Could the Crypto Market Protect Against a New Global Recession?

Note: Since this was published, the repo markets have not improved; the Fed supplied another $205 billion to the market on October 18. See James Bianco’s LinkedIn post for more at:

The Federal Reserve has extended its recent interventions into the securities repurchase, or “repo” market, into November.  It’s the first time that the Fed’s intervened in this market – vital to funding banks’ overnight cash needs – since 2008.  This latest extension confirms that it’s more than an end-of-quarter blip, and stands among other recent troubling economic signs that could herald a wider downturn.

The Fed may need to purchase as much as $200 billion in treasuries to shore up liquidity for the longer term without needing to continue with daily interventions.  This may keep a lid on rate hikes like September’s explosion to as much as 10% for the time being, but the need for concern is real, especially alongside a worsening US-China trade war, negative bond yields, and a tightening manufacturing sector.

These concerns are worsened by the simple fact that this crisis in the repo market isn’t being caused by a sudden shortage of cash among the big banks – the reserves of US banks currently sit around $1.4 trillion, dramatically above reserve requirements.  A bullish outlook, alongside paid interest from the Fed in the form of IOER, has given the banks little incentive to lend into or participate in the repo market.

For some in the crypto world, these portents of a potential global recession are promising news for bitcoin.  But what they actually mean for crypto markets is difficult to reliably predict.  While bitcoin could potentially be seen as a safe haven for investments in the face of a new financial panic, they could also realistically stand as the first, riskiest asset on the dump list.

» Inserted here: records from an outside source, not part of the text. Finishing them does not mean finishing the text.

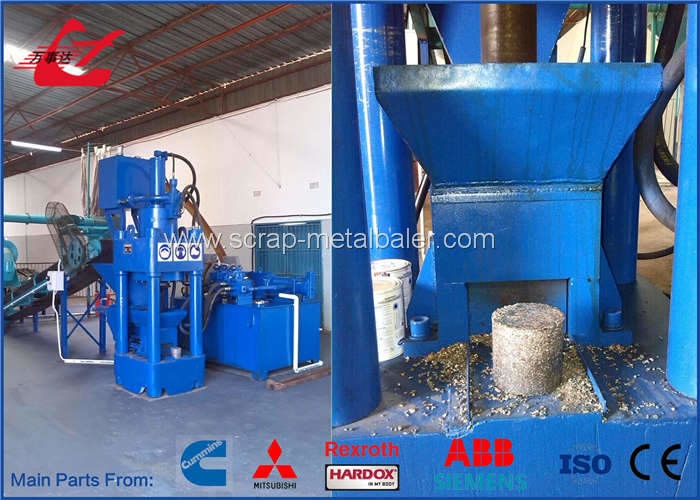 Bu hurda metal briket presi otomatik işlem için PLC ile yapılandırılmıştır. Yüksek verim sağlayan besleme sistemi de benimsenmiştir. 160mm, 180mm ve 200mm çapları ve 300mm yüksekliğiyle briket, kullanıcıların taleplerini karşılamak için özel olarak boyutlandırılabilir.
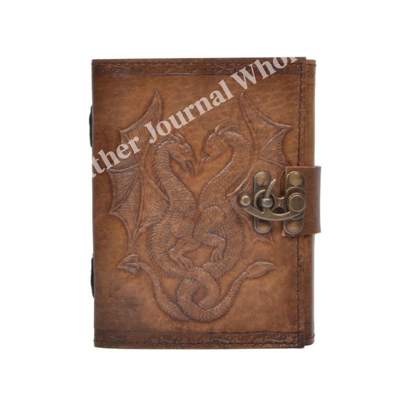 Direct Factory Price Leather Journal Wholesaler Double Dragon Leather Journal 120 Pages Blank Notebook
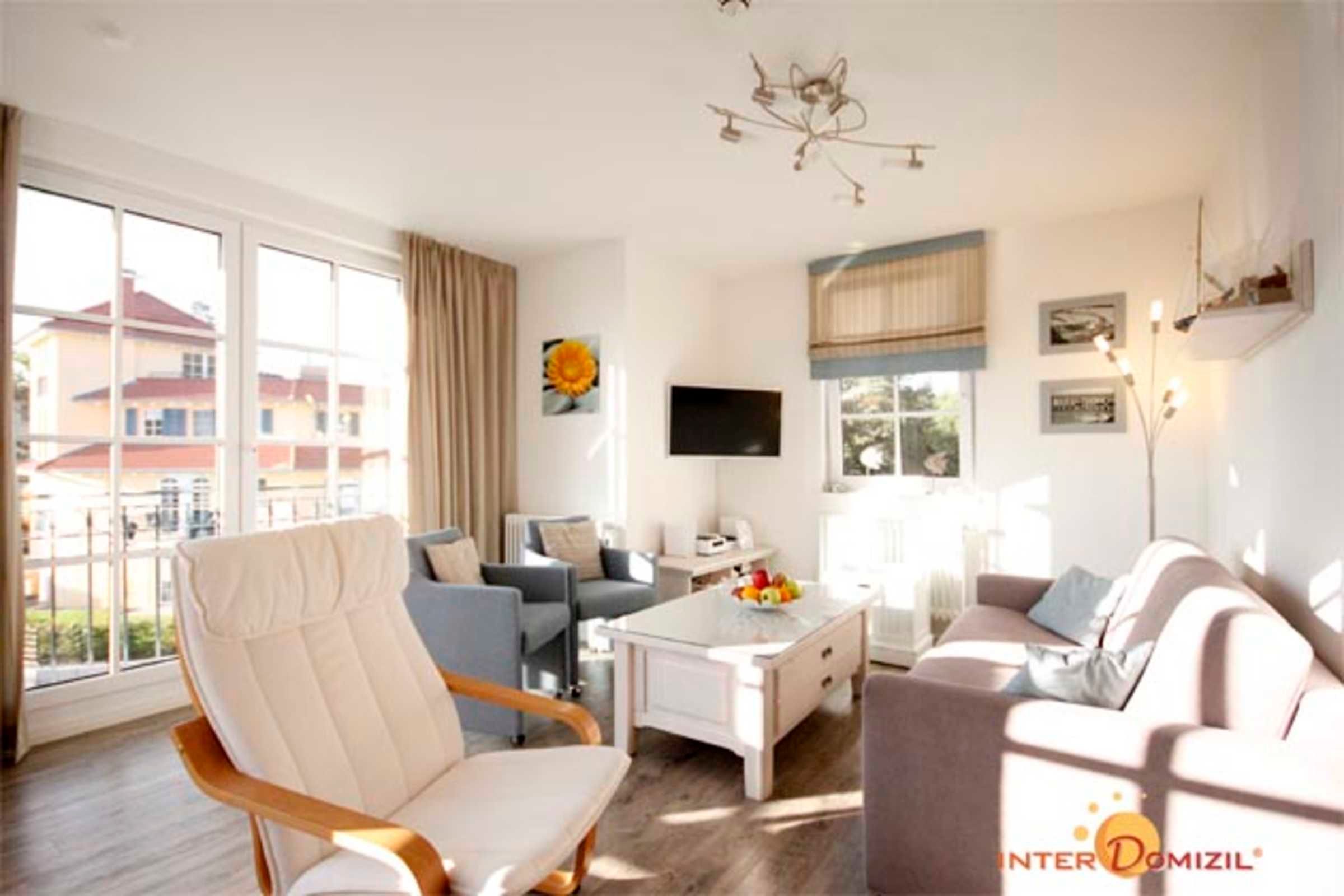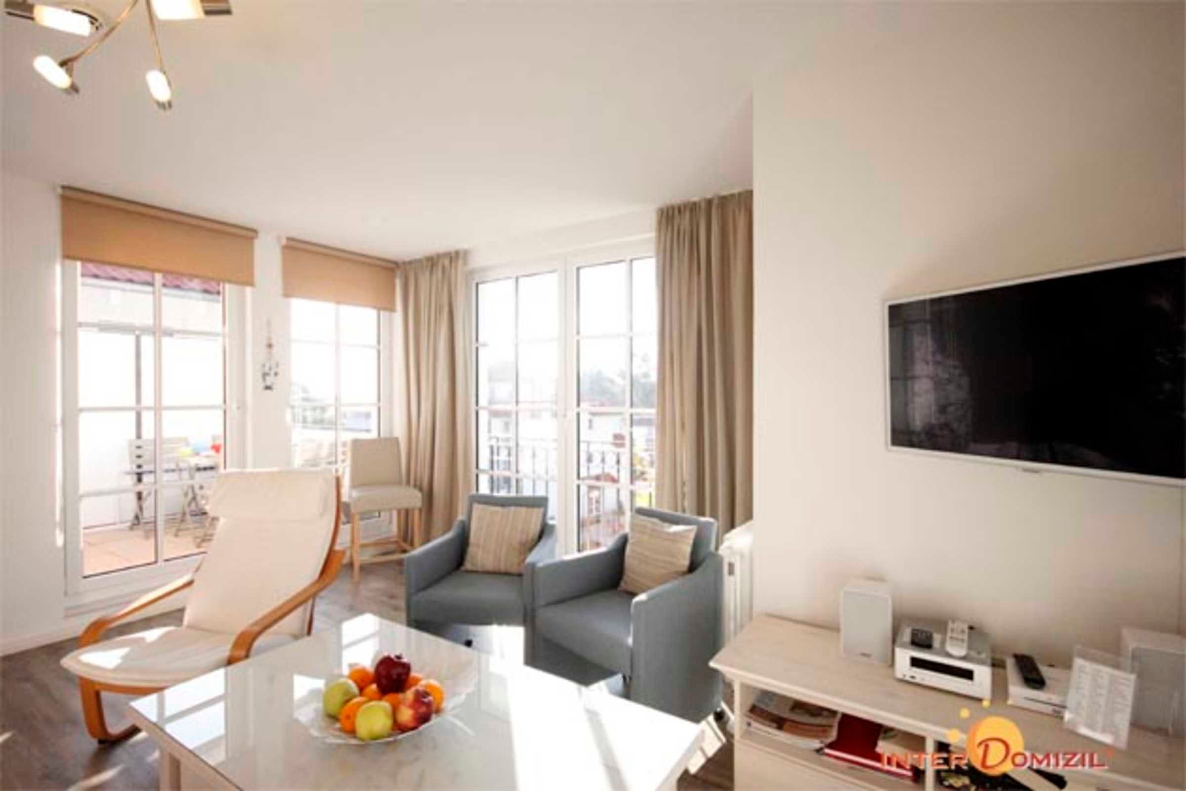Die helle und komfortabel ausgestattete 3-Zimmer-Ferienwohnung Seebrise in großzügiger Ecklage mit Süd-Balkon und eingeschränktem Meerblick liegt ruhig in der dritten Etage der Residenz Haus Meeresblick.

It’s all untested theory, but the crypto market is changing, and could potentially be on a pathway to be a more stable investment, as moves towards more reliable clearing by recent market entrants offer newfound security.

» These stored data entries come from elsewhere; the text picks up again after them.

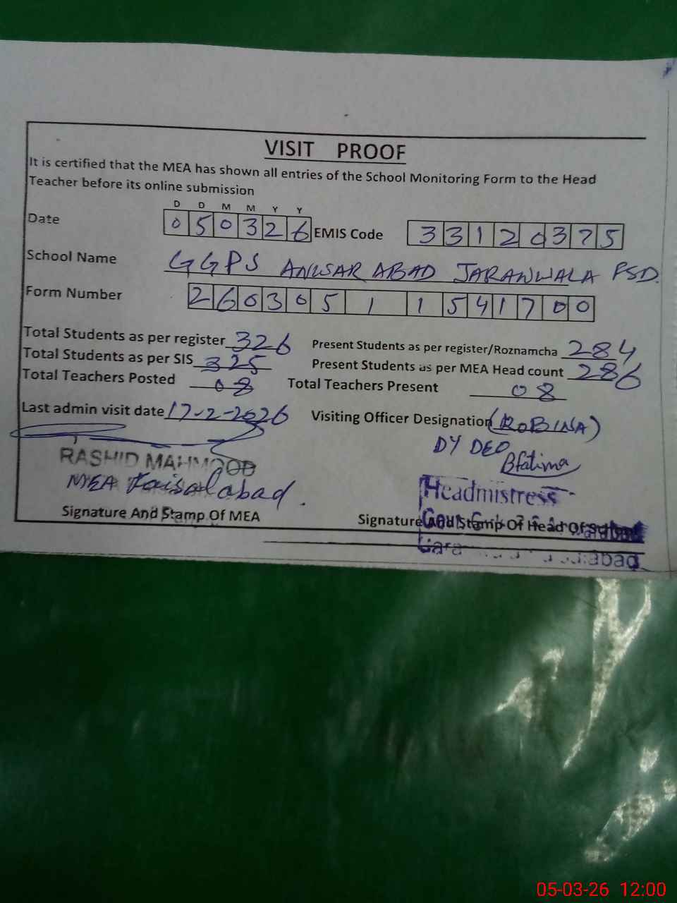 | Attendance Register | Head Teacher | MEA with School | Visit Proof |
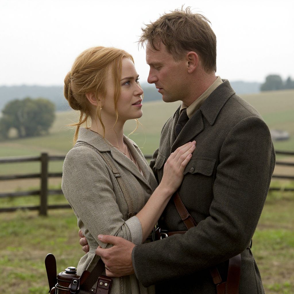 Nicole Kidman and Jude Law share a tender moment in Cold Mountain, a Civil War-set drama where she portrays a woman awaiting her beloved's return, set against a serene countryside backdrop.
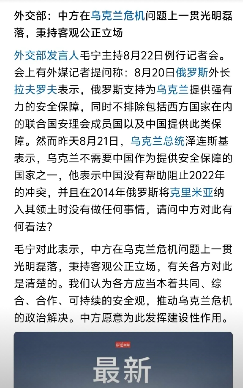 再者,明明是泽连斯基为了向西方献媚而甘当北约东扩之马前卒,这才挑起了俄乌战争。现在他去颠三倒四的又埋怨起了中国在2022年没阻止俄乌冲突……这就怪了,俄乌冲突是我们能阻止得了的吗?你乌克兰别去充当北约东扩的炮灰,与北约划清界线的话,又哪儿会有战争?
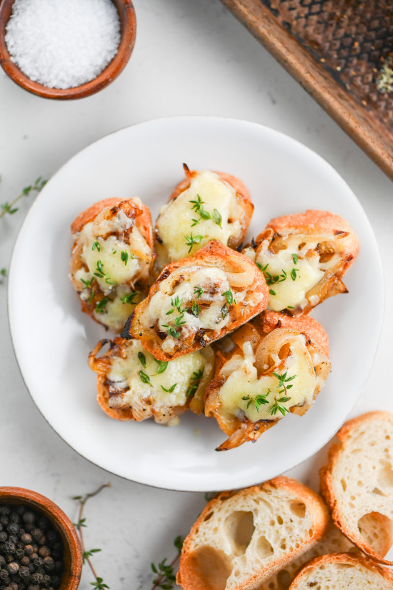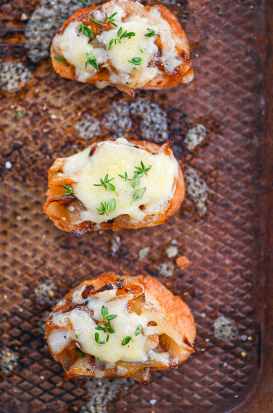French Onion Crostini made with sweet caramelized onions, salty Gruyère cheese and fresh thyme piled on crusty bread. A party perfect appetizer!
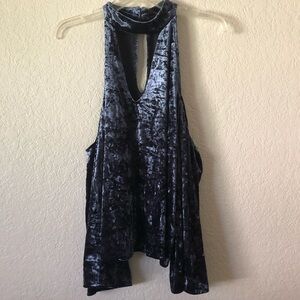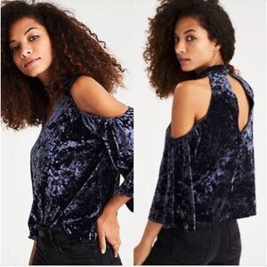 So trendy with cold shoulders and a high neck choker! Blue velvet material. Brand is American Eagle. Size large.
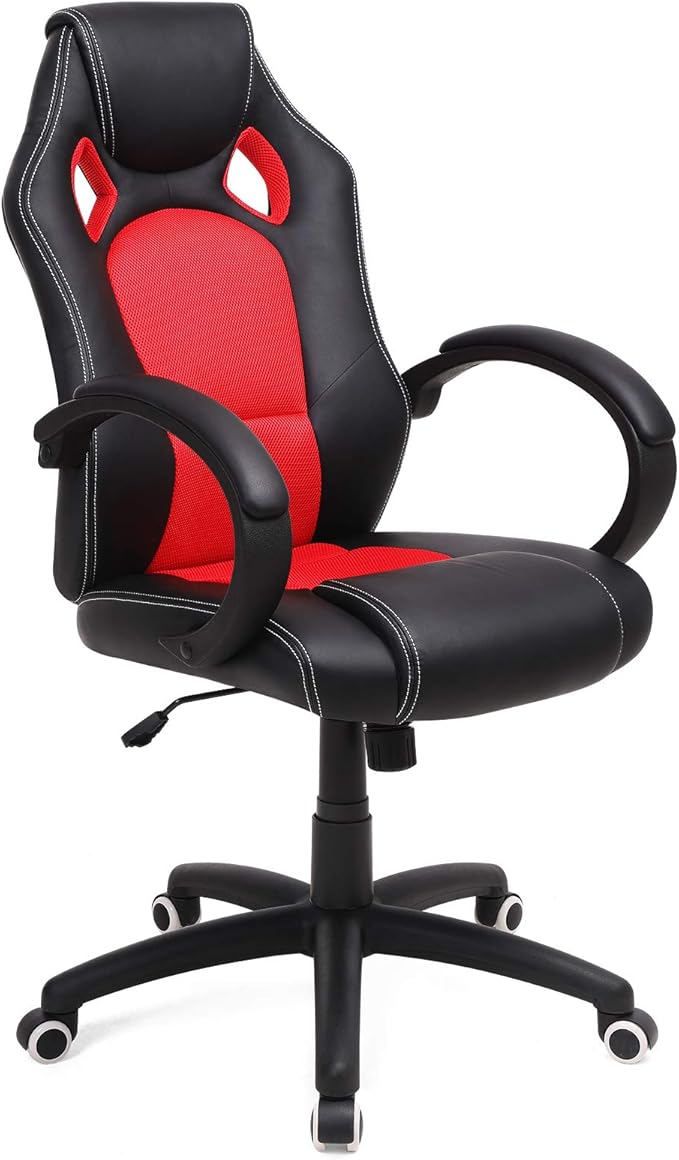 Yarış Sandalyesi, Ofis Sandalyesi, Oyun Sandalyesi, Yönetici Koltuğu, Döner Sandalye, Poliüretan, Siyah-Kırmızı, Obg56Br

Blockchain-based credit ideas could offer solutions to the puzzling state of the current bond market, where negative yield curves reflect a lack of confidence in ‘safe’ investments.  Distributed ledger asset directories have the potential to more-accurately track collateral and power emerging market lending.

Unfortunately, like with so many things in crypto markets and with distributed ledger technology in general, the potential is enormous and easy to see, but how it will play out in the face of real need remains an open question.